Have you ever thought about expiry dates on drug packages and wondered how these dates are determined? In today’s blog article we will discuss the very same topic from an analytical perspective.
Every drug product has a shelf life after which it starts to degrade. This shelf life is determined by the evaluation of storage conditions during drug development. Performing formal stability studies (including long term studies --> 12 months and accelerated stability studies --> 6 months) is required before submission of the drug’s dossier to regulatory authorities. The duration of these stability studies makes the situation untenable when aiming to develop stability-indicating analytical methods. These are methods which are used to quantitate the decrease of the active pharmaceutical ingredient (API) over time due to degradation and the subsequent increase of degradants. Thus, to save time, an analyst is faced with the necessity to artificially generate degraded samples and API is forced degraded. Therefore, it is stressed by different means such as subjecting it to acid, base, oxidants, heat, humidity and light and then analyzing the degradants. There are two basic aspects of the drug that are considered afterwards:
- Potency: This essentially means the evaluation of the API in the sample. It is logical to think, that under stressed conditions the API will degrade and hence will be less effective.
- Determination of the degraded products (by-products): As the API degrades, degradation products are arising. These products might be toxic in nature and must be identified and analyzed. As a rule of thumb, impurities amounting to more than 0.1% of the parent drug must be able to be quantified.
Designing a forced degradation study and the corresponding stability-indicating detection method requires 3 main considerations:
- selection of the degradation conditions,
- choosing appropriate drug concentration(s), and
- selection of an appropriate method and detector.
A clear understanding of the drug’s synthesis pathway and of some physiochemical properties often allow a better understanding of the components that are anticipated to be present in the final product. As mentioned above, degradation might be achieved by applying different degradation types such as hydrolysis, oxidation, photolytic or thermal stress. Thus, different reagents, exposure and storage conditions and sampling days must be considered. The drug concentration should be high enough allowing the generation of degradation products to be detectable, while on the other hand, studies should be done using the concentration the drug is intended to be in its final formulation. For the method, most widely RP-HPLC can be chosen, but other methods such as e.g. capillary electrophoresis (CE) or gas chromatography coupled with mass spectrometry (GC-MS) might also be applicable. The aim is to separate as many components as possible and determine them through distinct peaks. Common variables of the method are choice of solvents, pH, temperature, and column type. Regarding the detector, a UV detector with a detection range of 0.1 - 0.5 to 100% concentration of the parent drug is mostly suitable, while sometimes a diode array detector (DAD) might be better.

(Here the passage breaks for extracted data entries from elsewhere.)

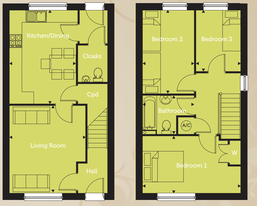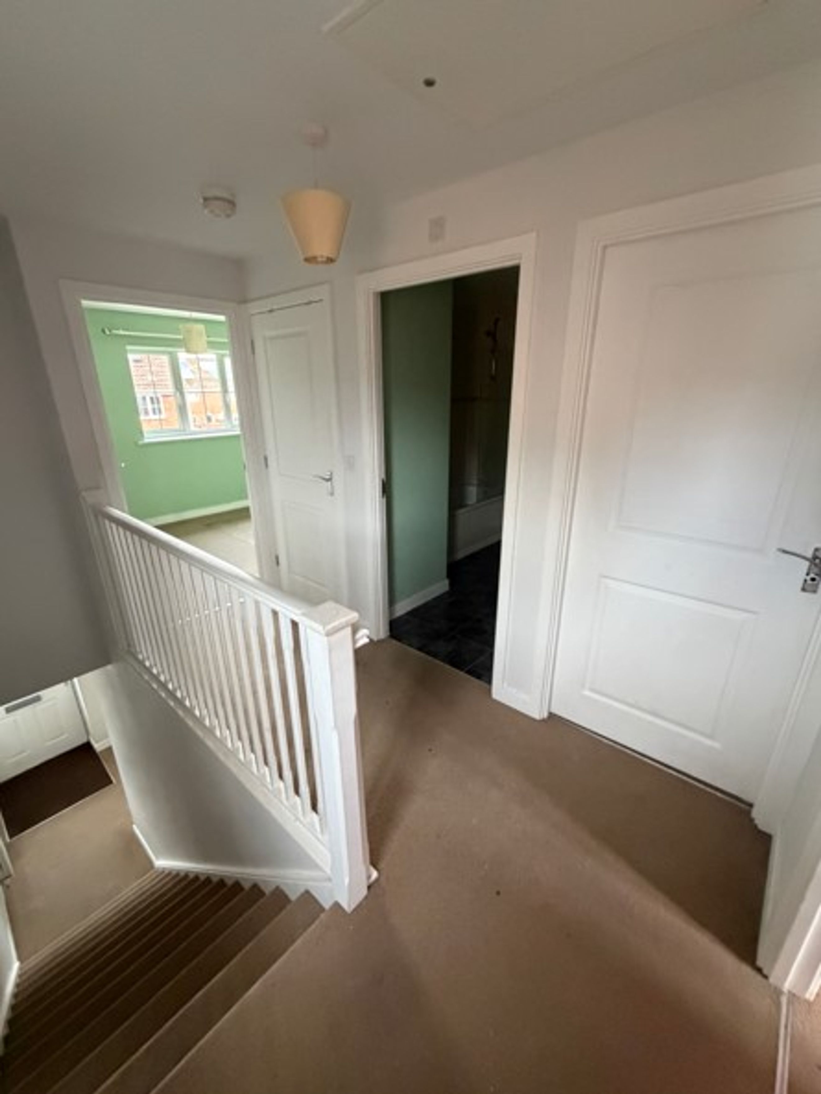 Upstairs, there are 3 bedrooms — 2 doubles, including a master with built-in wardrobe, and 1 single — along with a family bathroom featuring a three-piece suite and shower over bath, plus a built-in airing cupboard on the landing.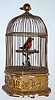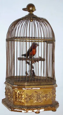 base of cage is missing one turned wooden foot. Gesso and gilding have failed along the base molding; cage is a bit loose. Is dusty. Plays and moves w...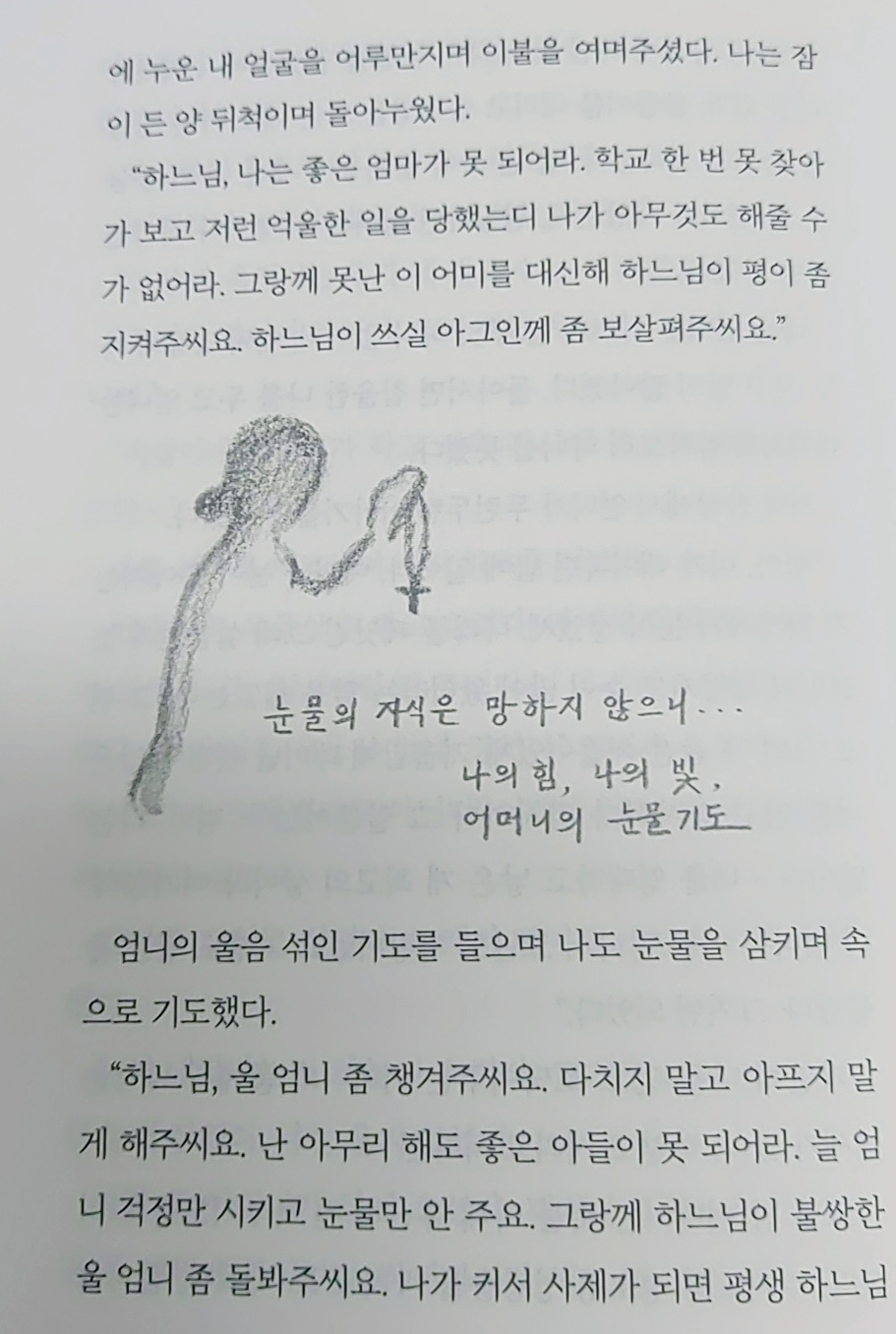 "울 엄니와 나는 '좋은 부모'도 '좋은 자식'도 아니었다. 그저 말없이 곁을 지키며 함께했고 서로를 향해 눈물의 기도를 바쳐줄 뿐이었다. 어머니가 내게 좋은 자식이 되어주기를 바라지 않았기에 나는 나 자신이 되고 나의 길을 찾아 나아갈 수 있었다."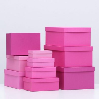 Набор коробок 10 в 1 «Пантон 230», 30.5×20×13 — 12×6.5×4 см. Набор из 10 коробок в розовых и сиреневых тонах — это универсальное решение для упаковки подарков или хранения мелочей. Коробки выполнены в однотонном дизайне, что делает их подходящими для любого праздника или повода. Плотный картон обеспечивает надежность, а лаконичная прямоугольная форма добавляет эстетичности. <b> Особенности</b> <ul> <li> В набор входят 10 коробок разных размеров, от больших (30,5 × 20 × 13 см) до компактных (12 × 6,5 × 4 см).</li> <li> Плотность материала (750 г/м²) гарантирует прочность и долговечность.</li> <li> Однотонная цветовая гамма сочетается с любым стилем оформления.</li> <li> Универсальная тематика подходит для любых праздников и событий.</li> </ul> <b> Для чего использовать?</b> Набор идеально подойдет для упаковки подарков, хранения канцелярии, украшений или других мелочей. Разные размеры коробок позволяют организовать пространство на полке, столе или в шкафу. Их можно использовать дома, в офисе или для оформления мероприятий. <b> Почему это удобно?</b> Коробки из набора легко комбинируются между собой, создавая гармоничную композицию. Их можно украшать лентами, наклейками или рисунками, добавляя индивидуальности. Набор станет практичным решением для тех, кто ценит порядок и стиль. Все размеры коробок: 30,5 х 20 х 13 см, 28,5 х 18,5 х 12 см, 26 х 17,5 х 11 см, 23,5 х 15,5 х 10 см, 21 х 14 х 9 см, 19 х 13 х 8 см, 17,5 х 11 х 7 см, 15 х 9,5 х 6 см, 13,5 х 8 х 5 см, 12 х 6,5 х 4 см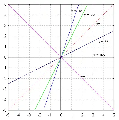 L'élément graphique important est le coefficient directeur (ou pente) de la droite. Il correspond au coefficient de proportionnalité de la fonction linéaire. On retrouve alors un moyen simple de calcul de ce coefficient directeur : si M(x, y) est un point de la droite différent de l'origine, nous avons, comme précédemment y = ax puis, par division par x (non nul)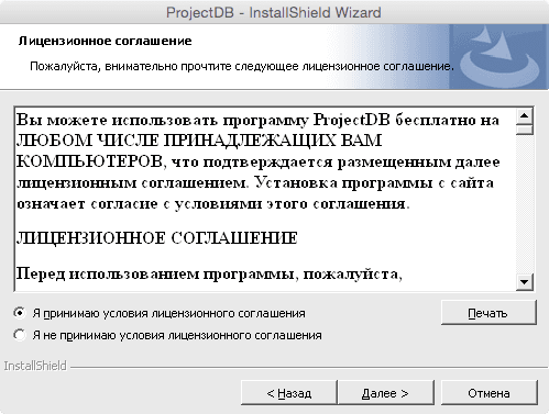 1.2.2.6. в появившемся окне указать путь до установочного файла ProjectDB_Setup.exe;
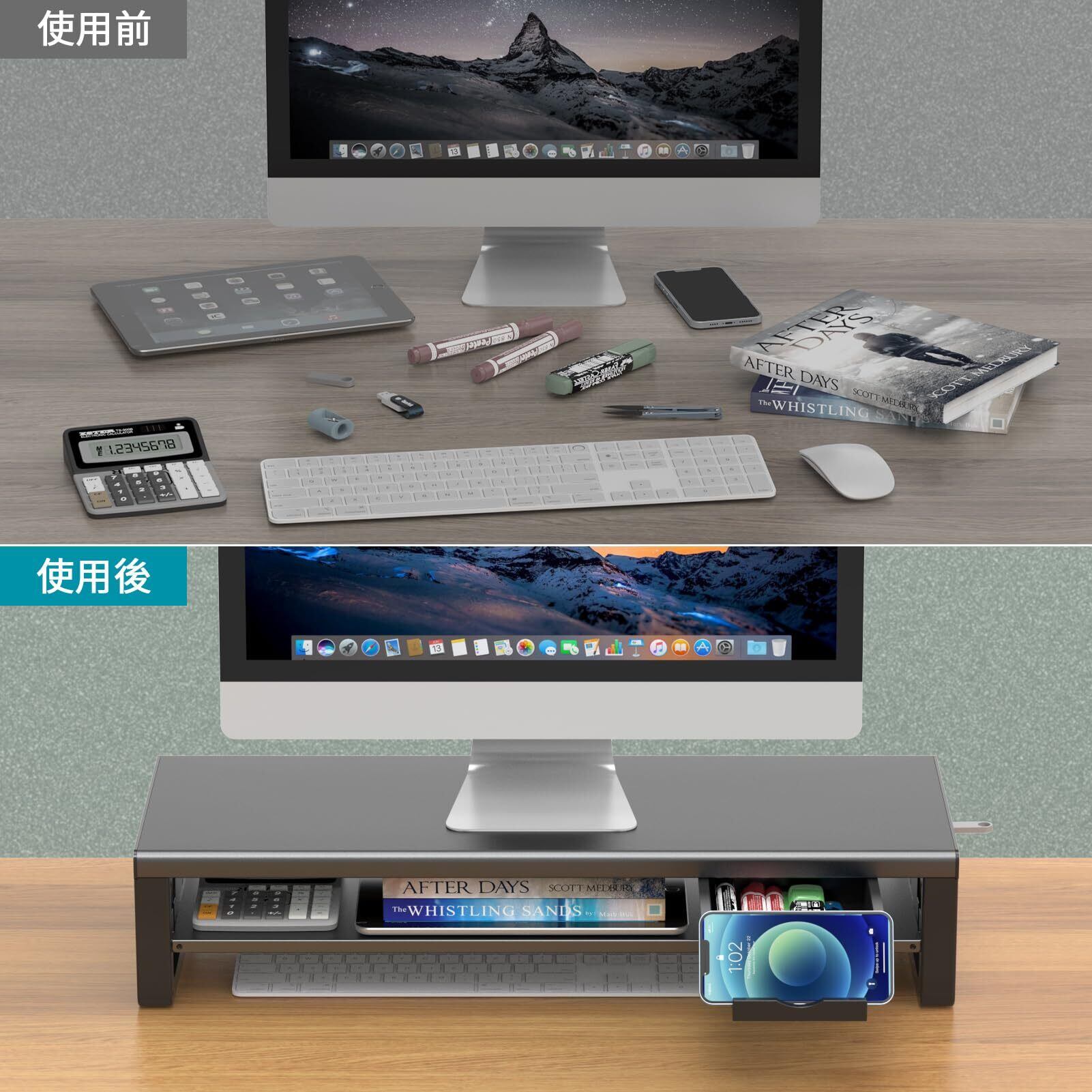 二段式の金属棚(取り外し可能):iPad、DVDレコーダー、印画紙、付箋や、ペン、ファイル、ノートPCなどをしまっておくにも便利。 モニター台の下:大きめのキーボード収納できるし、ホコリ等が溜まりにくくなります,机の上も広くなりました,空いたスペースで読書や事務作業など、デスクを広く快適に使えます。きちんとした作業スペースをお楽しみください!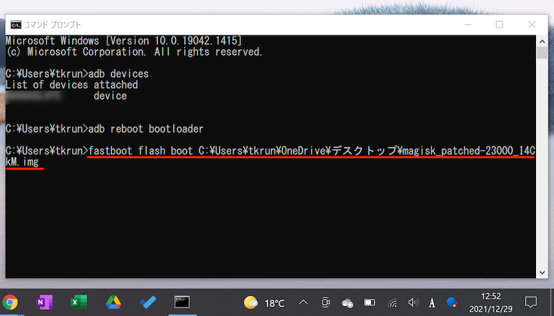 ▼使用适用于 Android 9 的 img 文件(例如 twrp-3.5.2_9-0-bonito.img)适用于 Android 11/12 的示例

Validation of stability-indicating test methods is more complex than validating other method types. The normal validation parameters for quantitative impurity tests according to the ICH Q2(R1) guideline must be evaluated. The amount of how much degradation is required for validation of the corresponding stability-indicating method is highly discussed, and no general answer can be given. During forced degradation studies degradants which do not normally exist in the aged products might occur. Hence the determination of peak purity is required. Peak purity offers additional information about method specificity. In other words, it is required to demonstrate how well the main peak is separated from the degradants. Peak purity makes sure that no peak underlies or overlaps or co-elutes with the API compound. This point is also addressed by the FDA’s guidance for industry “Analytical Procedures and Methods Validation for Drugs and Biologics”, 2015 as it mentions to demonstrate specificity of a stability-indicating test by performing a combination of challenges, such as “use of samples spiked with target analytes and all known interferences; samples that have undergone various laboratory stress conditions; and actual product samples (produced by the final manufacturing process) that are either aged or have been stored under accelerated temperature and humidity conditions”. Once the method is validated, it can be used to support the formal stability studies under specific temperature and humidity conditions to determine shelf life.
To summarize, forced degradation studies are designed to generate product-related degradation variants and to develop stability-indicating analytical methods for the determination of the degradation products formed during formal stability studies. During validation, forced degradation study samples are used to demonstrate specificity.
According to the recent FDA-issued answers to cGMP questions regarding laboratory controls, the question was raised as to whether cGMP requires the execution of forced degradation studies in any case when studying stability-indicating methods for DPs. The answer is no, if the degradation path and suitability of the method can be substantiated by other data (such as DS stress tests, accelerated and long-term studies of the DS or DP), with a focus on specificity. In addition, the decision on the extend of forced degradation studies must be documented with a rationale.